From the material below, copy exactly the lines beginning with the one that contains "草方块的后方要根据图片所展示" and ending with the one that contains "Gwałtowny wzrost inflacji doprowadził"; the pictures stay out.

◆ Material provided:
= = = = =

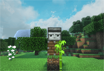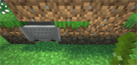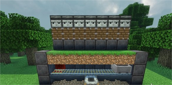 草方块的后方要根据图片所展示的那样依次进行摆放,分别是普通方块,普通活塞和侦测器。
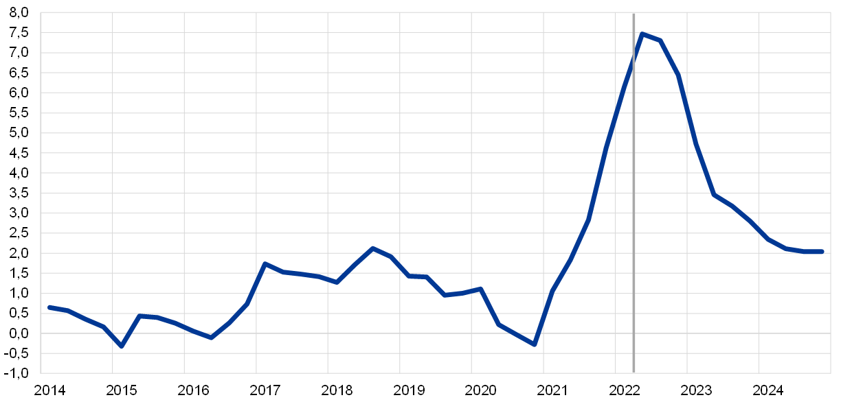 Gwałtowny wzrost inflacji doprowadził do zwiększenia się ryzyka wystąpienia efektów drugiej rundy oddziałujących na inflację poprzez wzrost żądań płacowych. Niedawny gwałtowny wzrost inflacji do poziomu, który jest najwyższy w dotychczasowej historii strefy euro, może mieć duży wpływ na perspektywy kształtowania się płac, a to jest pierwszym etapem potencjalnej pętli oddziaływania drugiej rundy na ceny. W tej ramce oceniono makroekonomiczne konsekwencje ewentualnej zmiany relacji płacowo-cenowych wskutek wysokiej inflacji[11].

= = = = =

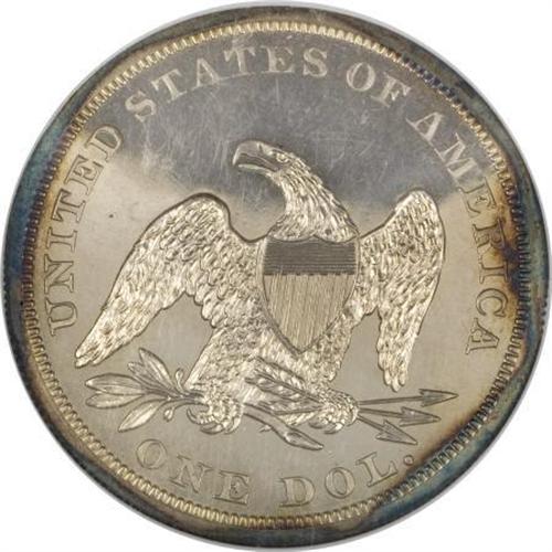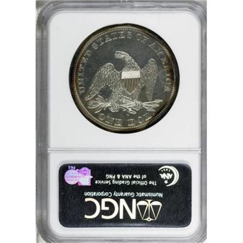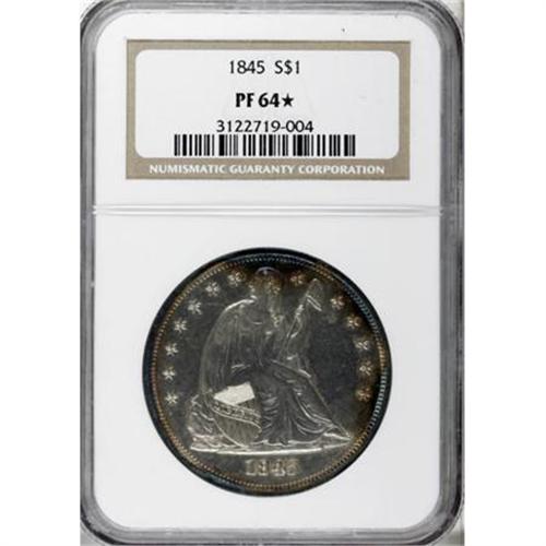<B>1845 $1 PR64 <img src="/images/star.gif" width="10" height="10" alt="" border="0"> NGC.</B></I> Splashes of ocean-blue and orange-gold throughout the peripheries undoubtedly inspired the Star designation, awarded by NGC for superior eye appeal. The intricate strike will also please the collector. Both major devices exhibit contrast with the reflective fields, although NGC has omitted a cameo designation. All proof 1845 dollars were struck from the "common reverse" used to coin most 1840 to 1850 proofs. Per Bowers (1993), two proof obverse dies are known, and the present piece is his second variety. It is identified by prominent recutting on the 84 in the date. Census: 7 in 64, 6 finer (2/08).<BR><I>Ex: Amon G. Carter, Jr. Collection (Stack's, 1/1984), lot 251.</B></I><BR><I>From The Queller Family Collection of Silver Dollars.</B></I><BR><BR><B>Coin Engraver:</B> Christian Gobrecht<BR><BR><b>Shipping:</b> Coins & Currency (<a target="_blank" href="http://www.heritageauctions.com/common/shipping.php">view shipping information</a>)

= = = = =

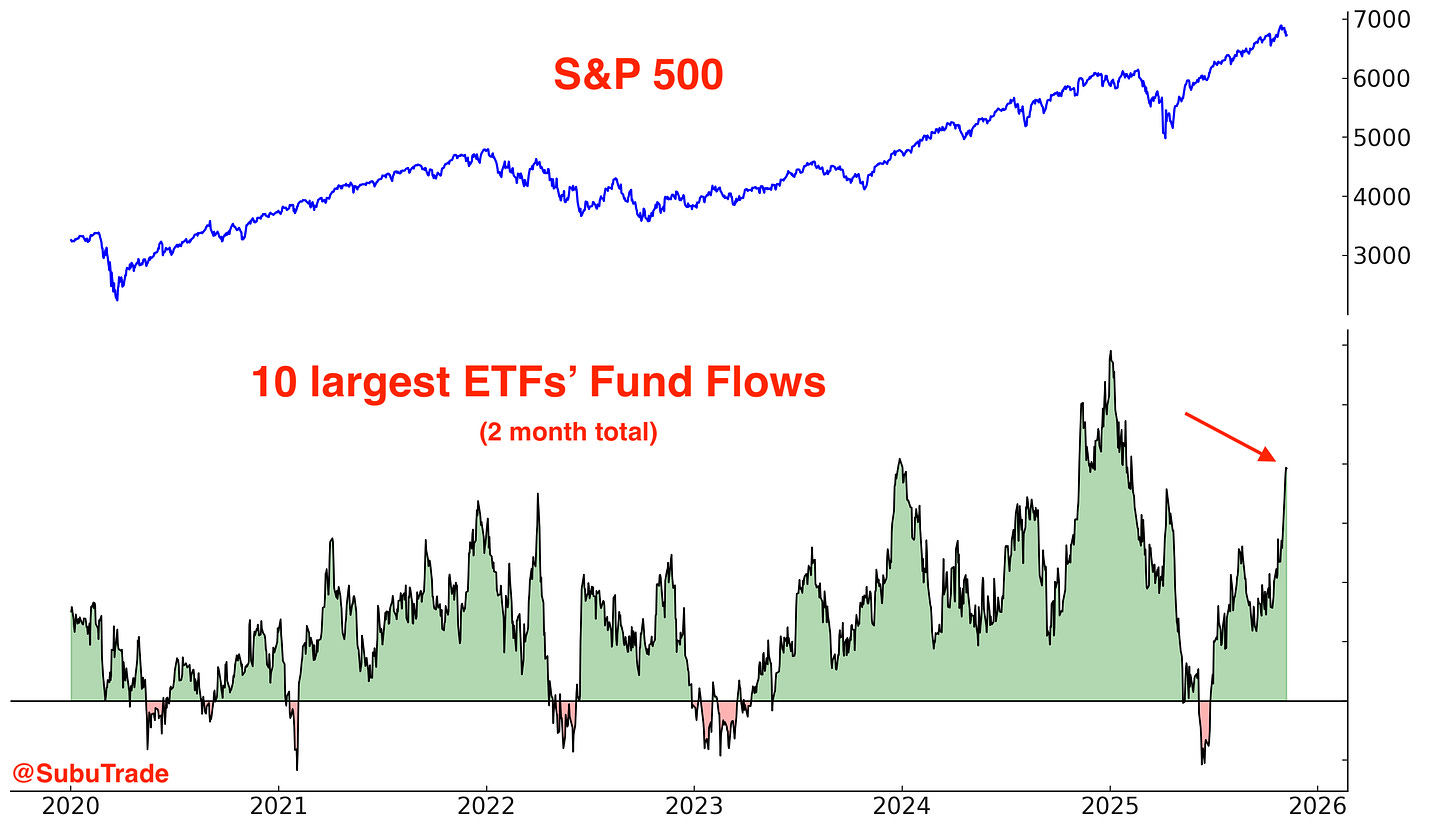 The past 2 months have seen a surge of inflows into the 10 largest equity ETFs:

= = = = =

◆ Task solution:
 草方块的后方要根据图片所展示的那样依次进行摆放,分别是普通方块,普通活塞和侦测器。
 Gwałtowny wzrost inflacji doprowadził do zwiększenia się ryzyka wystąpienia efektów drugiej rundy oddziałujących na inflację poprzez wzrost żądań płacowych. Niedawny gwałtowny wzrost inflacji do poziomu, który jest najwyższy w dotychczasowej historii strefy euro, może mieć duży wpływ na perspektywy kształtowania się płac, a to jest pierwszym etapem potencjalnej pętli oddziaływania drugiej rundy na ceny. W tej ramce oceniono makroekonomiczne konsekwencje ewentualnej zmiany relacji płacowo-cenowych wskutek wysokiej inflacji[11].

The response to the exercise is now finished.